Contract of sale of goods is a contract, whereby, the seller transfers or agrees to transfer the property in goods to the buyer for a price. There can be a contract of sale between one part-owner and another.

In other words, under a contract of sale, a seller (or vendor) in the capacity of the owner, or part-owner of the goods, transfers or agrees to transfer the ownership in goods to the buyer (or purchaser) for an agreed upon value in money (or money equivalent), called the price, paid or the promise to pay same. For there to be a valid contract of sale, there are several essential elements which must be in place and these essential elements would be explained below.

In a contract for sale of goods, there must be two parties present; the buyer and the seller. The parties do not necessarily have to be two single individuals; it could be two corporations with one as the buyer and the other as the seller.

A contract of sale of goods is bilateral in nature wherein property in the goods has to pass from one party to another. One cannot buy one’s own goods. For example, X is the owner of a bakery. If she supplies the goods (from the stock meant for sale) to his family, it does not amount to a sale and there is no contract of sale. This is so because the seller and buyer must be two different parties, as one person cannot be both a seller as well as a buyer.

Another essential element in a contract of sale is the goods. The subject matter of a contract of sale must be goods. Every kind of movable property except actionable claims and money is regarded as ‘goods’. Contracts relating to services are not considered as contract of sale. Immovable property is governed by a separate statute, ‘Transfer of Property Act’.

Transfer of property in goods is also integral to a contract of sale. The term ‘property in goods’ means the ownership of the goods. In every contract of sale, there should be an agreement between the buyer and the seller for transfer of ownership. Here property means the general property in goods, and not merely a special property.

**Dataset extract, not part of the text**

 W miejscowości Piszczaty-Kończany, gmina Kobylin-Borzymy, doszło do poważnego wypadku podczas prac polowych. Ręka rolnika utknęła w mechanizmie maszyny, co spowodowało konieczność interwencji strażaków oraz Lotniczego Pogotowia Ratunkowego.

Thus, it is the general property, which is transferred under a contract of sale as distinguished from special property, which is transferred in case of pledge of goods, i.e., possession of goods is transferred to the pledgee or Pawnee while the ownership rights remain with the pledger. Thus, in a contract of sale there must be an absolute transfer of the ownership. It must be noted that the physical delivery of goods is not essential for transferring the ownership.

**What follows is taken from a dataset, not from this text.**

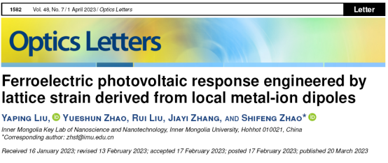 近日,我院赵世峰教授课题组在铁电材料光电转化领域取得新进展,题目为“Ferroelectric photovoltaic response engineering by lattice strain derived from local metal ion dipoles”研究成果在国际光学领域Top期刊《Optics Letters》(《光学快报》)上发表,(论文链接:https://doi.org/10.1364/OL.485829)。该期刊是美国光学学会(Optical Society of America,OSA)旗下物理-光学科学著名国际期刊,1977年创刊,涉及的研究主题覆盖光学科学各个领域,是光学领域最具代表性、认可度高、非常具有口碑的国际权威期刊。这是我校以及内蒙古自治区首次以第一完成单位在该期刊发表学术论文。

The buyer must pay some price for goods. The term ‘price’ is the money consideration for a sale of goods’. Accordingly, consideration in a contract of sale has necessarily to be in money. Where goods are offered as consideration for goods, it will not amount to sale, but it will be called barter or exchange, which was prevalent in ancient times.

Similarly, if a person offers the goods to somebody else without consideration, it amounts to a gift or charity and not sale. In explicit terms, goods must be sold for a definite amount of money, called the price. However, the consideration can be partly in money and partly in valued up goods. Furthermore, payment is not necessary at the time of making the contract of sale.

A contract of sale is a special type of contract, therefore, to be valid, it must have all the essential elements of a valid contract, that is, consent, consideration, competency of contracting parties, lawful object, legal formalities to be completed, etc. A contract of sale will be invalid if important elements are missing.

For instance, if X agreed to sell his house to Y because Y forced him to do so by means of undue influence, this contract of sale is not valid since there is no free consent on the part of the transferor. Therefore, where all the elements essential for a valid contract of sale have been met, a valid contract of sale has then come into being.